# GOAL OF THE EXERCISE
Go through the records line by line. Report how many lines contain "Кинофестиваль", with nothing else.

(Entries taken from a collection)
========================================================================
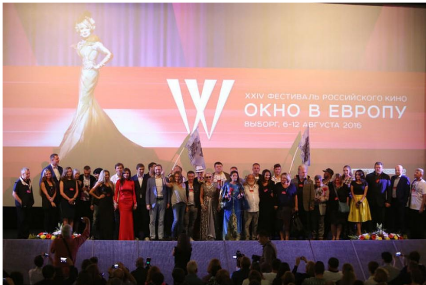
Рис.11. Кинофестиваль «Окно в Европу»

«Из самых популярных фестивалей – Кинофестиваль «Окно в Европу». На базе библиотеки Аалто проводятся мастер-классы режиссеров, деятелей культуры, литераторов. В 2015 году в рамках фестиваля у нас была встреча с Евгением Евтушенко».
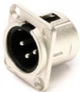
CONECTOR XLR MACHO, CABO
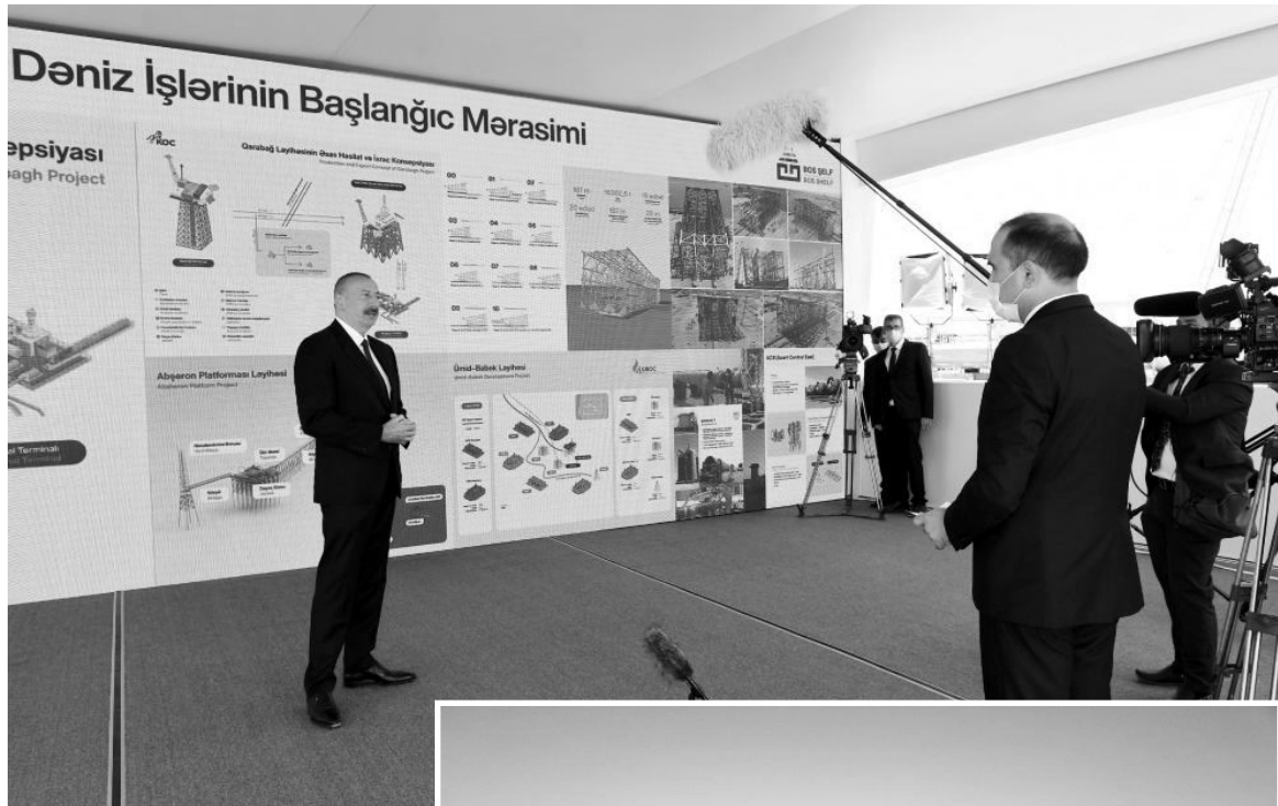
Əvvəli Səh. 2

“Əgər “Şahdəniz” üzrə kontrakt imzalanmasaydı, bu gün biz nəinki başqa ölkələrin, öz enerji təhlükəsizliyimizi təmin edə bilməzdik”
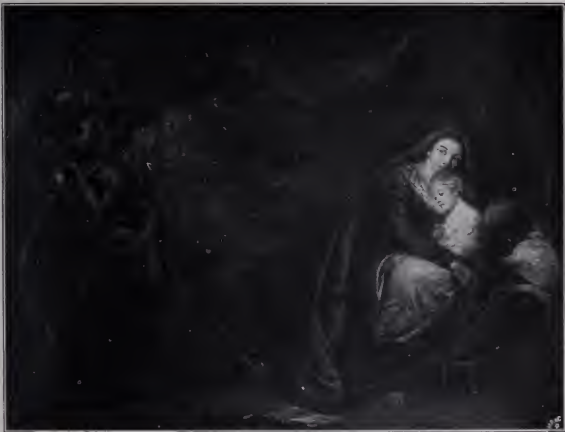
Abb. 92. Mutter und Kind. Dulwich Gallery. (Zu Seite 122.)

„Sicher ist es,“ sagte Reynolds, „daß all jene seltsamen Flecke und Striche, welche man bei genauerer Prüfung in Gainsboroughs Bildern bemerkt, und welche selbst geübten Malern eher ein Werk des Zufalls als der Absicht zu sein scheinen, daß dieses Chaos, diese grobe, formlose Masse von gewisser Entfernung betrachtet wie durch Zauber Form annimmt, und daß alle Teile an ihren richtigen Platz rücken, so daß wir, trotz dieses Scheines von Zufall und flüchtiger Nachlässigkeit nicht umhin können der vollen Wirkung des Fleißes Anerkennung zu zollen. Daß Gainsborough selbst diese Eigenart, und ihr Vermögen Überraschung zu erregen, als eine Schönheit seiner Werke betrachtet hat, kann, glaube ich, aus dem eifrigen Wunsche geschlossen werden, den er, wie wir wissen, immer aussprach: daß nämlich seine Bilder bei der Ausstellung sowohl in der Nähe als auch in der Entfernung zu sehen sein sollten. Die Flüchtigkeit, welche wir an seinen besten Arbeiten bemerken, darf nicht immer als Nachlässigkeit gelten. Wie sie oberflächlichen Beobachtern auch erscheinen möge, Maler wissen sehr wohl, daß stetige Aufmerksamkeit auf die allgemeine Wirkung mehr Zeit in Anspruch nimmt, und dem Geist mehr Arbeit kostet, als jede Art feinen Ausarbeitens und Glättens ohne diese Aufmerksamkeit . . . Es muß anerkannt werden, daß diese Manier Gainsboroughs, die Farben unvermittelt nebeneinander zu setzen, sehr viel zu der wirkungsvollen Leichtigkeit beiträgt, welche eine
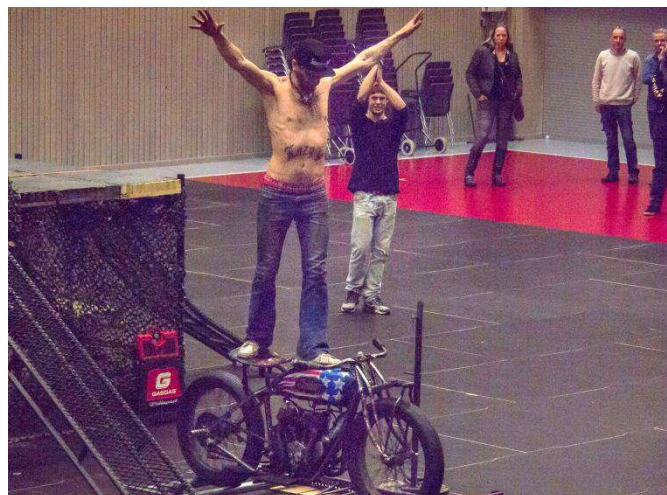
En bildserie från MC uppvisningen i Hall C av medlemmar ur Rackartygarna.
========================================================================
# EXERCISE RESPONSE
2